- EXERCISE BRIEF
The entries that follow should be repeated exactly, with no pictures kept.

========================================

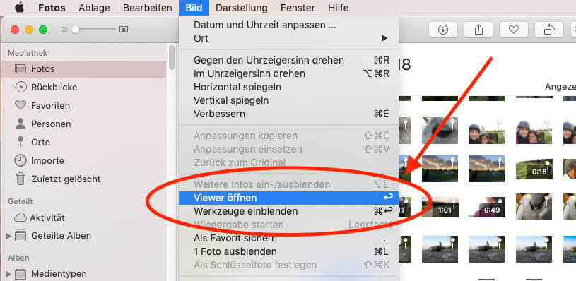 Nach einem kurzen Blick ins Menü der Fotos-App zeigt sich, dass man nun statt der Space-Taste die Enter-Taste (auch Return genannt) verwenden muss. Ich bin nicht der einzige, der diese Änderung ziemlich bescheuert findet.Im Apple-Support-Forum gibt es einen Thread, in dem auch andere Leute sich über diese Änderung beschweren.
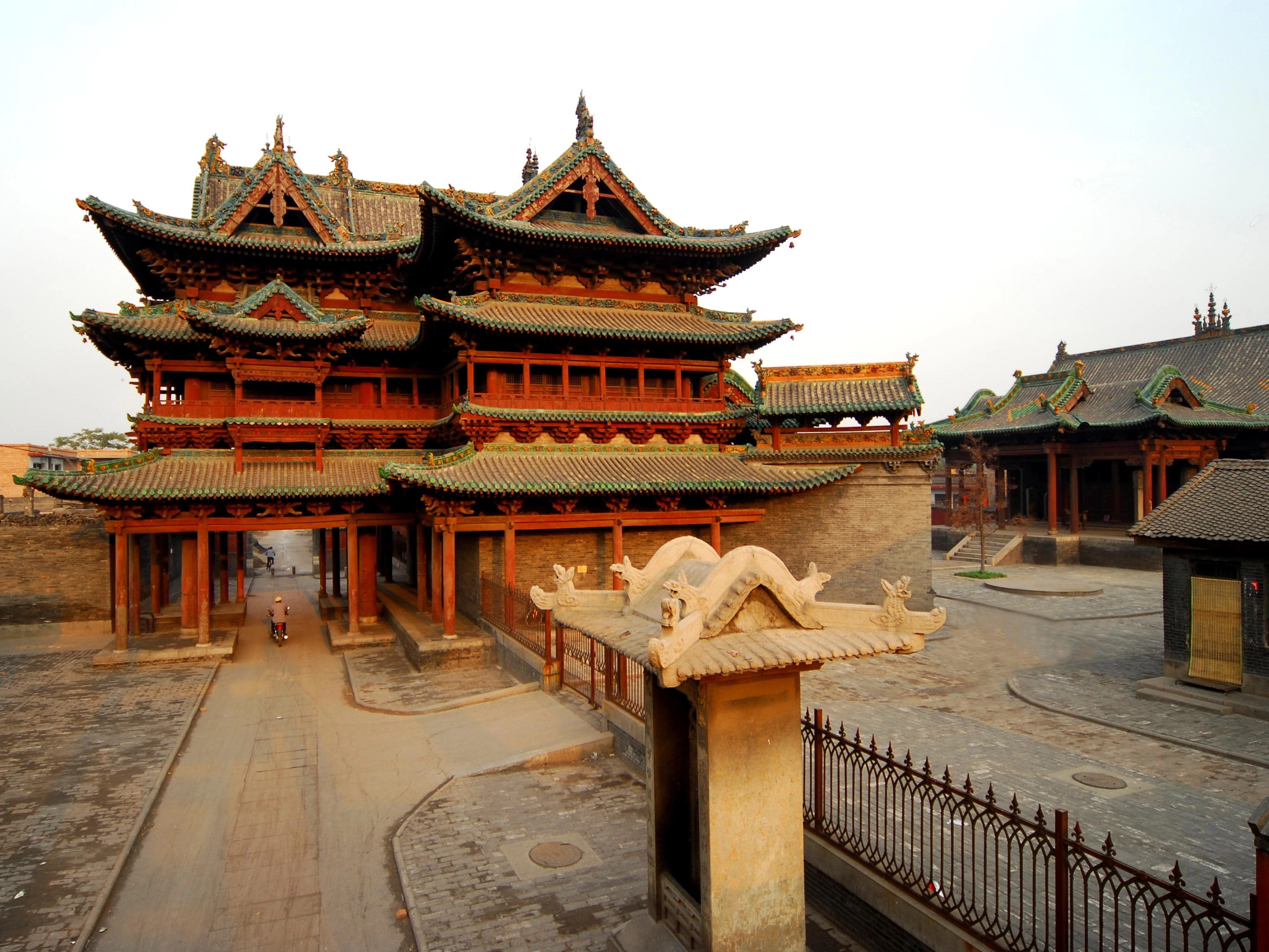 祆神楼位于介休市城区城路东,为三结义庙的附属建筑物。祆神楼集山门、戏楼、过街楼的作用于一身,是介休市的标志性和景观性建筑之一。 楼创建于北宋,明万历或嘉靖年间重修,后毁,现存建筑为清康熙年间重建。建造工艺复杂,气势恢宏,蔚为壮观。三重檐歇山顶,转顶木结构,正面呈“凸”字形,周围有回廊,进深20米。其中的过街楼部分面阔三间,进深三间,突出于回廊外;较宽部分即乐楼面阔五间,进深四间。祆神楼的下层是山门,上层是戏楼,中心为神龛。楼高两层,约25米,加上一重檐和二重檐之间的平座和顶部重檐,实为四层,楼的主要承重部分由四根高大的通柱支撑,直通上层梁架。 祆神楼的建筑艺术主要体现在楼身木构的设计上,斗拱密布,鳞次栉比,加上如意头合龙形头的昂嘴耍头,体现了典型的清初山西民间营造技法。楼顶三重檐,十字歇山顶,琉璃脊饰。平座之上所出的十字歇山顶抱厦,玲珑别致,匠心巧妙,避免了因楼体高大而招致的呆板,而且在设计的深度、广度比例协调上,都显示了充分的科学性和实用性,并杂糅进艺术美学,在建筑艺术上达到了很高的成就,是中国古代楼阁式建筑中的佳作。 祆教又称火袄教或拜火教,由波斯人琐罗亚斯德创立,约在公元6世纪前期由中亚传入我国。
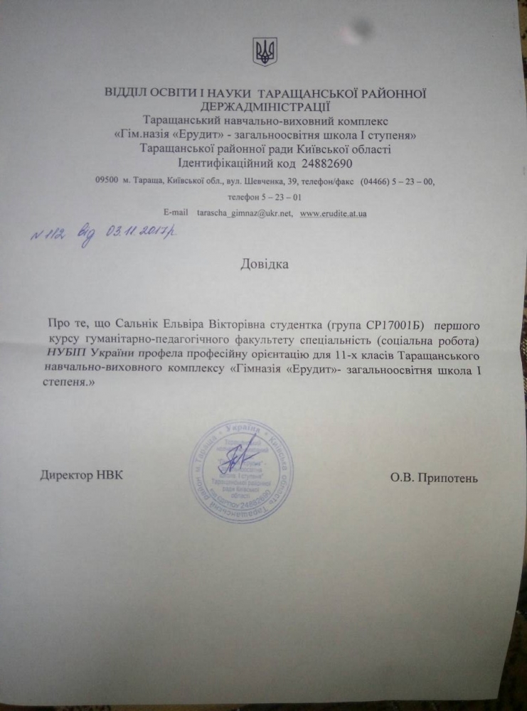 Студентка-першокурсниця гуманітарно-педагогічного факультету спеціальності «Соціальна робота» Ельвіра Сальник із профорієнтаційною метою відвідала рідний Таращанський навчально-виховний комплекс "Гімназія ""Ерудит" - загальноосвітня школа №1 ст. м. Тараща, Київська обл.
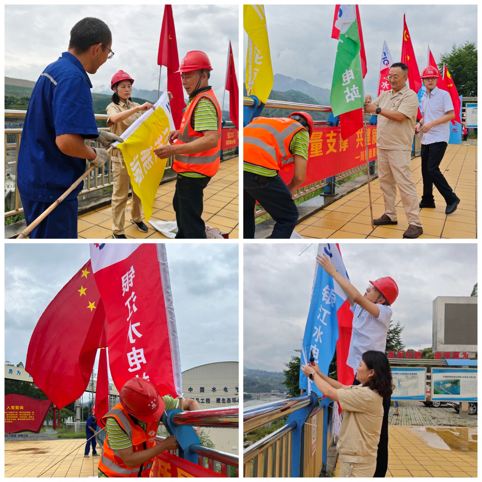 在大家的共同努力下,一面面嶄新鮮艷的五星紅旗,一幅幅絢麗的彩旗掛在黨建宣傳陣地和施工區(qū)域,紅旗彩旗與綠水青山交相輝映,隨著江風(fēng)襲來迎風(fēng)招展,構(gòu)成了金沙江畔的美麗畫卷。每名黨員都用勞動之美迎接國慶節(jié)的到來,用務(wù)實的工作作風(fēng)確保實現(xiàn)銀江水電站年底發(fā)電目標(biāo),用實際行動向祖國母親75歲華誕獻(xiàn)禮。
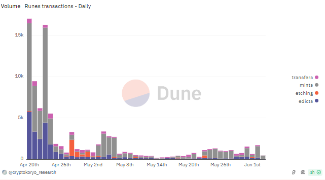 Trong những ngày sau khi ra mắt vào ngày 19/04, sự quan tâm đến Runes tăng vọt. Theo dữ liệu on-chain từ Dune, chỉ trong ba ngày sau, giao thức đã chứng kiến hơn 1 triệu giao dịch. Thế nhưng, khối lượng giao dịch đã giảm mạnh tới 90% trong những tuần tiếp theo, trong bối cảnh hệ sinh thái tiền điện tử hạ nhiệt.
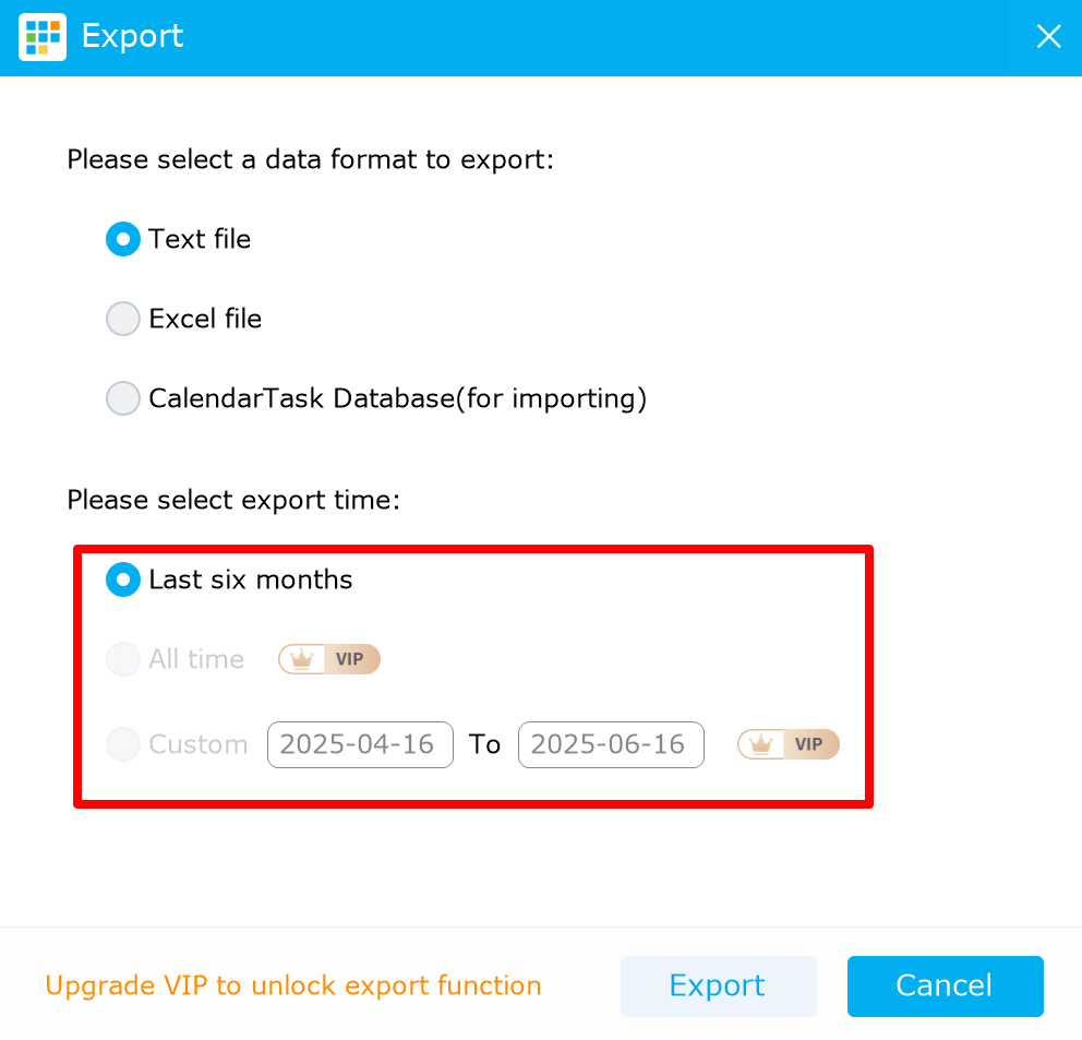 “최근 6개월 이내 일정만 백업 가능합니다. 전체 백업은 유료 결제 후 가능합니다.”
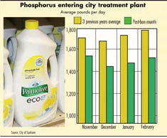 A ban on high-phosphorus automatic-dishwasher detergents imposed last July 1 in Spokane County triggered a consumer backlash that lingers today, but appears in early data to be having the desired effect of reducing the amount of the nettlesome nutrient likely being released into the Spokane River.
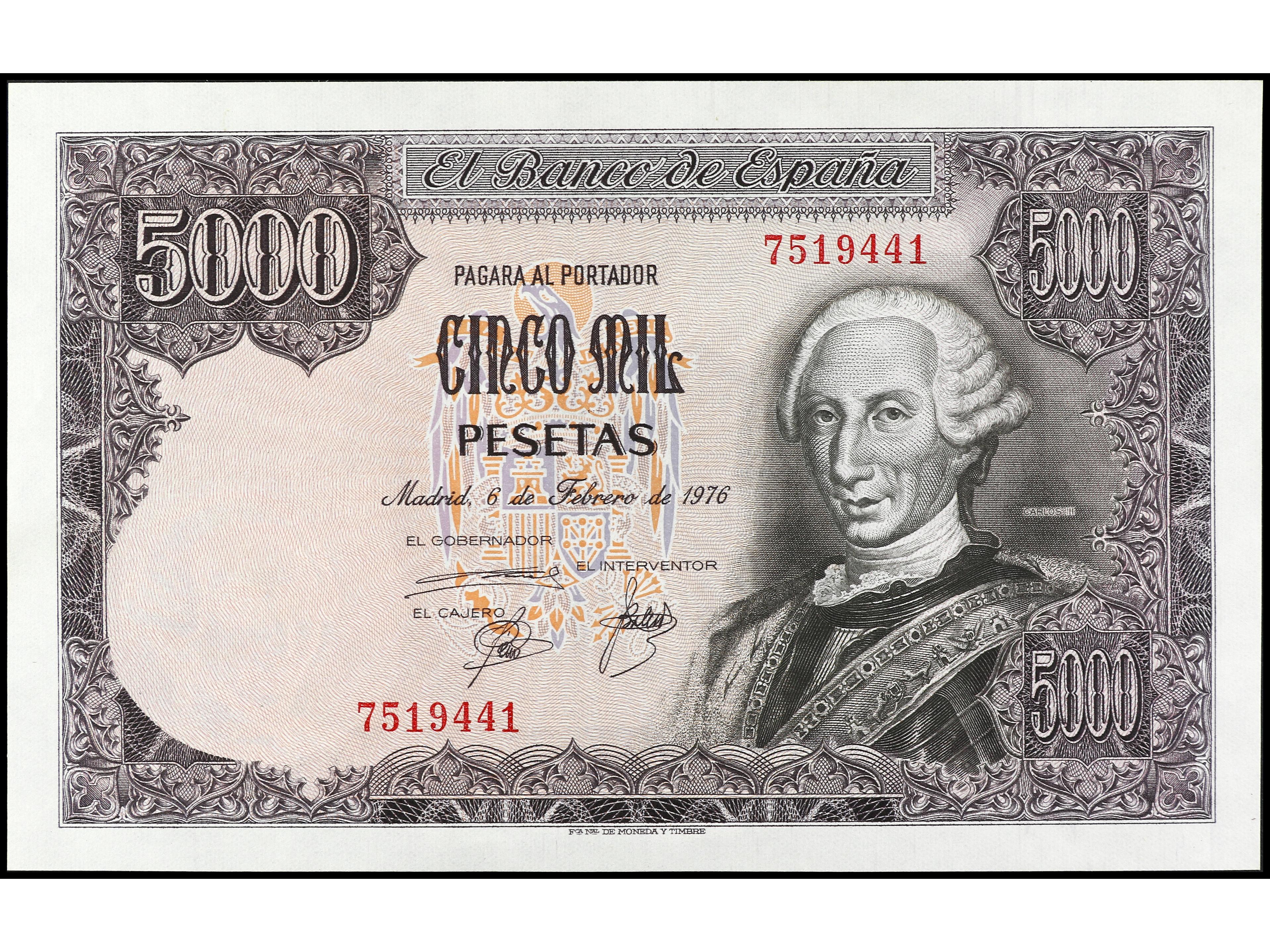 3242 image5.000 Pesetas. 6 Febrero 1976. Carlos III. Sin Serie. Ed-475. EBC+. (Image1) (Image2)
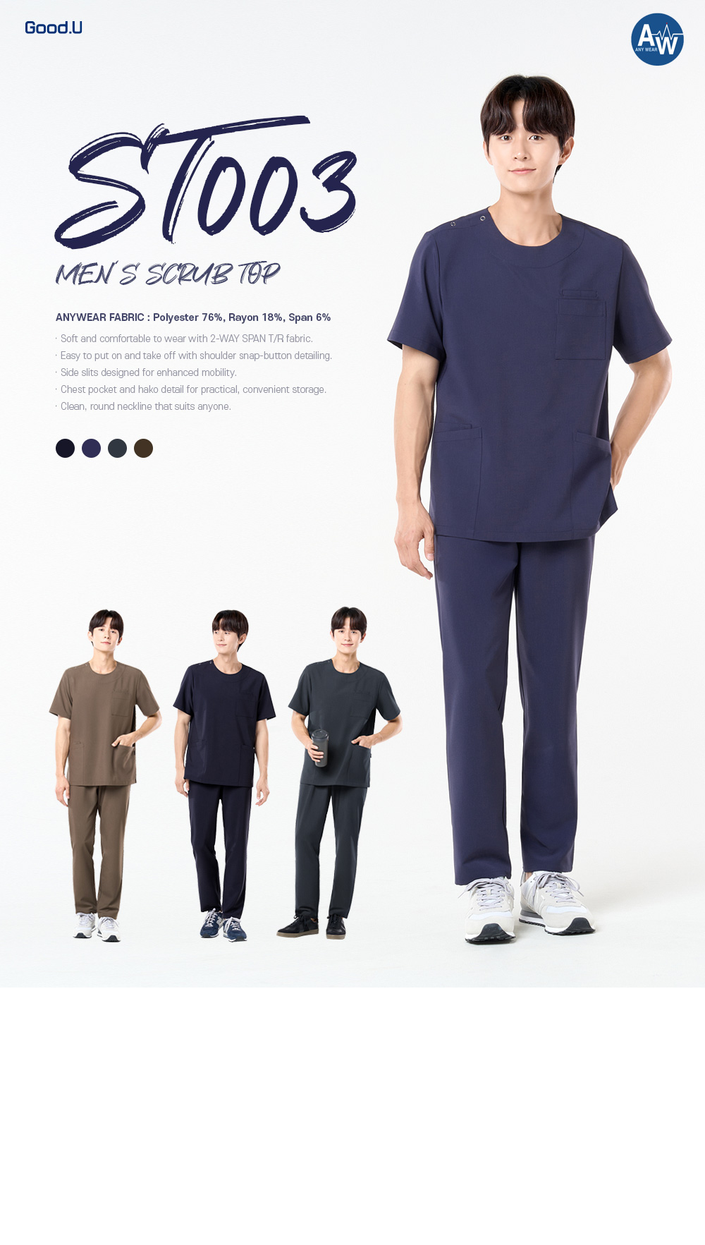 大碼(3XL)以上 上衣加400元◆褲子加200元 細節點 深海軍藍 AY001 深海軍藍 建議穿搭 紫 藍 AY016 灰紫羅蘭建議穿搭 炭灰 AY017 炭灰建議穿搭 沙漠棕 AY018 沙漠棕建議穿搭 布料資訊 產品資訊
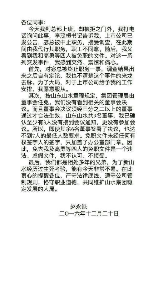 天瑞集團(tuán)控股山水水泥后,新山水水泥明顯出現(xiàn)了以老一派維權(quán)宓敬田為代表的派系與以天瑞高管為代表的山水水泥“新董事會(huì)”的爭(zhēng)斗,其內(nèi)部派系爭(zhēng)斗非常強(qiáng)烈。去年12月19日山水水泥上市公司發(fā)出公告,宓敬田因言論失職暫時(shí)免職,由趙永魁代其職,然而該公告很快又被撤銷(xiāo),取而代之的是一份對(duì)趙永魁、高勇、劉德權(quán)、趙彬的免職文件,免職理由是嚴(yán)重違反集團(tuán)基本政治紀(jì)律,破壞山水集團(tuán)穩(wěn)定發(fā)展的大局,影響惡劣。
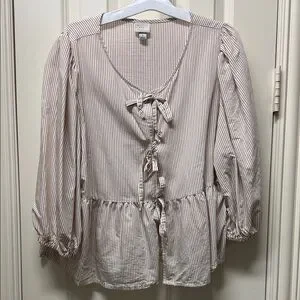 A New Day Beige Blouse with Bow Detail size large
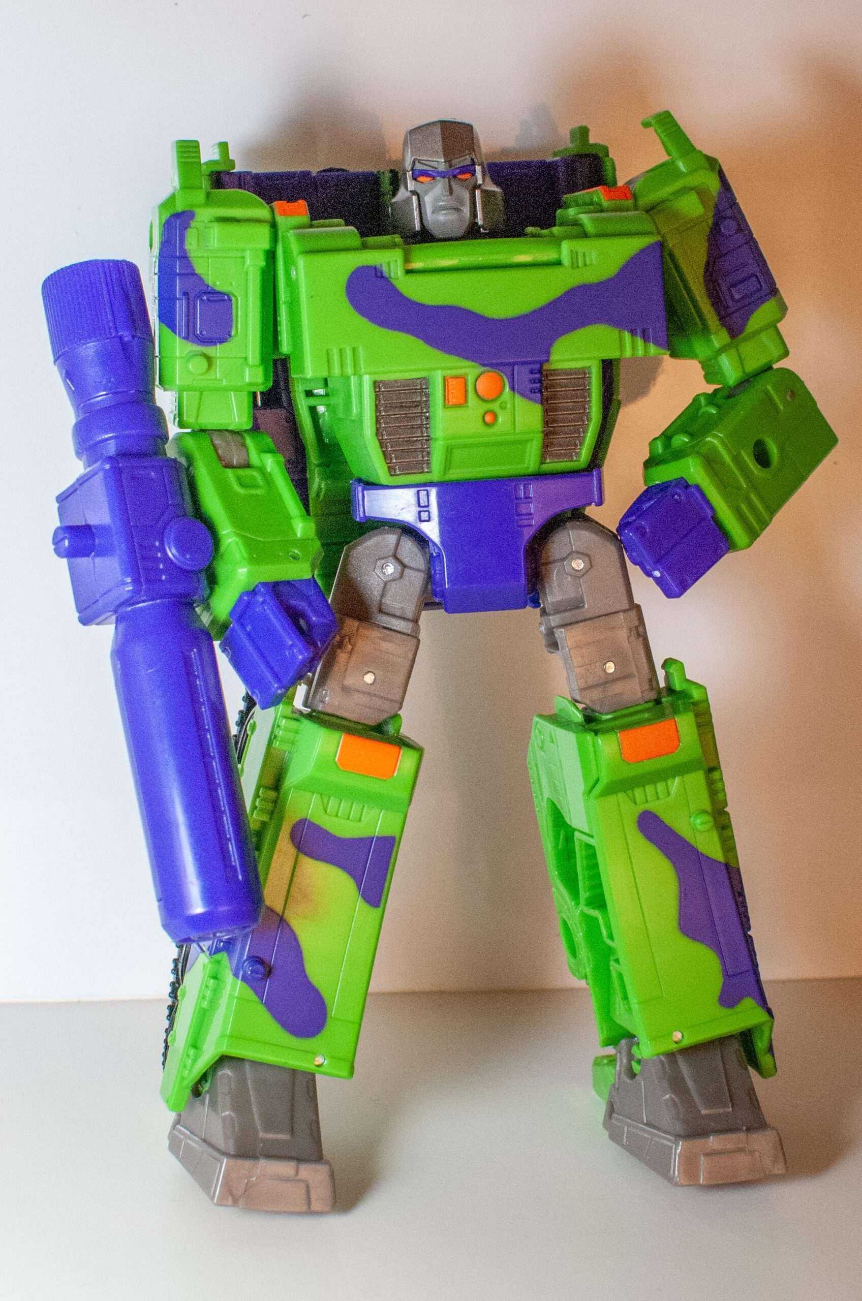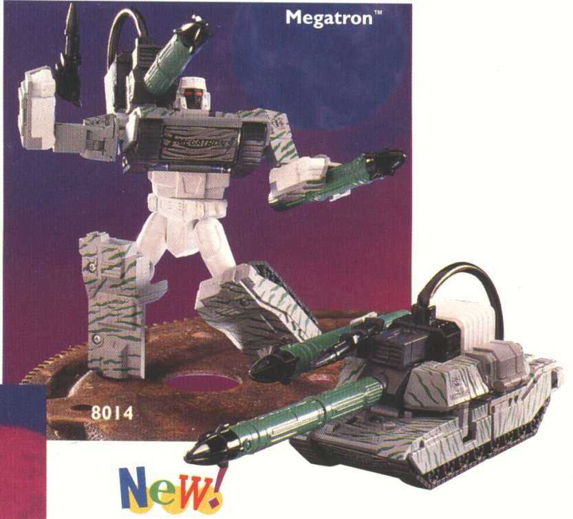 One of the first new-mold toys in Generation 2 (which, in its first year, was almost entirely made up of G1 reissues with brighter color schemes and extra missile launchers), this was a new take on Megatron, changing from a gigantic for-the-time robot into a big combat tank, and decked out in an implausible bright green and purple camouflage color scheme. A smaller Deluxe-ish take on the design, now mostly purple, would follow….

========================================

- OUTPUT BELOW
 Nach einem kurzen Blick ins Menü der Fotos-App zeigt sich, dass man nun statt der Space-Taste die Enter-Taste (auch Return genannt) verwenden muss. Ich bin nicht der einzige, der diese Änderung ziemlich bescheuert findet.Im Apple-Support-Forum gibt es einen Thread, in dem auch andere Leute sich über diese Änderung beschweren.
 祆神楼位于介休市城区城路东,为三结义庙的附属建筑物。祆神楼集山门、戏楼、过街楼的作用于一身,是介休市的标志性和景观性建筑之一。 楼创建于北宋,明万历或嘉靖年间重修,后毁,现存建筑为清康熙年间重建。建造工艺复杂,气势恢宏,蔚为壮观。三重檐歇山顶,转顶木结构,正面呈“凸”字形,周围有回廊,进深20米。其中的过街楼部分面阔三间,进深三间,突出于回廊外;较宽部分即乐楼面阔五间,进深四间。祆神楼的下层是山门,上层是戏楼,中心为神龛。楼高两层,约25米,加上一重檐和二重檐之间的平座和顶部重檐,实为四层,楼的主要承重部分由四根高大的通柱支撑,直通上层梁架。 祆神楼的建筑艺术主要体现在楼身木构的设计上,斗拱密布,鳞次栉比,加上如意头合龙形头的昂嘴耍头,体现了典型的清初山西民间营造技法。楼顶三重檐,十字歇山顶,琉璃脊饰。平座之上所出的十字歇山顶抱厦,玲珑别致,匠心巧妙,避免了因楼体高大而招致的呆板,而且在设计的深度、广度比例协调上,都显示了充分的科学性和实用性,并杂糅进艺术美学,在建筑艺术上达到了很高的成就,是中国古代楼阁式建筑中的佳作。 祆教又称火袄教或拜火教,由波斯人琐罗亚斯德创立,约在公元6世纪前期由中亚传入我国。
 Студентка-першокурсниця гуманітарно-педагогічного факультету спеціальності «Соціальна робота» Ельвіра Сальник із профорієнтаційною метою відвідала рідний Таращанський навчально-виховний комплекс "Гімназія ""Ерудит" - загальноосвітня школа №1 ст. м. Тараща, Київська обл.
 在大家的共同努力下,一面面嶄新鮮艷的五星紅旗,一幅幅絢麗的彩旗掛在黨建宣傳陣地和施工區(qū)域,紅旗彩旗與綠水青山交相輝映,隨著江風(fēng)襲來迎風(fēng)招展,構(gòu)成了金沙江畔的美麗畫卷。每名黨員都用勞動之美迎接國慶節(jié)的到來,用務(wù)實的工作作風(fēng)確保實現(xiàn)銀江水電站年底發(fā)電目標(biāo),用實際行動向祖國母親75歲華誕獻(xiàn)禮。
 Trong những ngày sau khi ra mắt vào ngày 19/04, sự quan tâm đến Runes tăng vọt. Theo dữ liệu on-chain từ Dune, chỉ trong ba ngày sau, giao thức đã chứng kiến hơn 1 triệu giao dịch. Thế nhưng, khối lượng giao dịch đã giảm mạnh tới 90% trong những tuần tiếp theo, trong bối cảnh hệ sinh thái tiền điện tử hạ nhiệt.
 “최근 6개월 이내 일정만 백업 가능합니다. 전체 백업은 유료 결제 후 가능합니다.”
 A ban on high-phosphorus automatic-dishwasher detergents imposed last July 1 in Spokane County triggered a consumer backlash that lingers today, but appears in early data to be having the desired effect of reducing the amount of the nettlesome nutrient likely being released into the Spokane River.
 3242 image5.000 Pesetas. 6 Febrero 1976. Carlos III. Sin Serie. Ed-475. EBC+. (Image1) (Image2)
 大碼(3XL)以上 上衣加400元◆褲子加200元 細節點 深海軍藍 AY001 深海軍藍 建議穿搭 紫 藍 AY016 灰紫羅蘭建議穿搭 炭灰 AY017 炭灰建議穿搭 沙漠棕 AY018 沙漠棕建議穿搭 布料資訊 產品資訊
 天瑞集團(tuán)控股山水水泥后,新山水水泥明顯出現(xiàn)了以老一派維權(quán)宓敬田為代表的派系與以天瑞高管為代表的山水水泥“新董事會(huì)”的爭(zhēng)斗,其內(nèi)部派系爭(zhēng)斗非常強(qiáng)烈。去年12月19日山水水泥上市公司發(fā)出公告,宓敬田因言論失職暫時(shí)免職,由趙永魁代其職,然而該公告很快又被撤銷(xiāo),取而代之的是一份對(duì)趙永魁、高勇、劉德權(quán)、趙彬的免職文件,免職理由是嚴(yán)重違反集團(tuán)基本政治紀(jì)律,破壞山水集團(tuán)穩(wěn)定發(fā)展的大局,影響惡劣。
 A New Day Beige Blouse with Bow Detail size large
 One of the first new-mold toys in Generation 2 (which, in its first year, was almost entirely made up of G1 reissues with brighter color schemes and extra missile launchers), this was a new take on Megatron, changing from a gigantic for-the-time robot into a big combat tank, and decked out in an implausible bright green and purple camouflage color scheme. A smaller Deluxe-ish take on the design, now mostly purple, would follow….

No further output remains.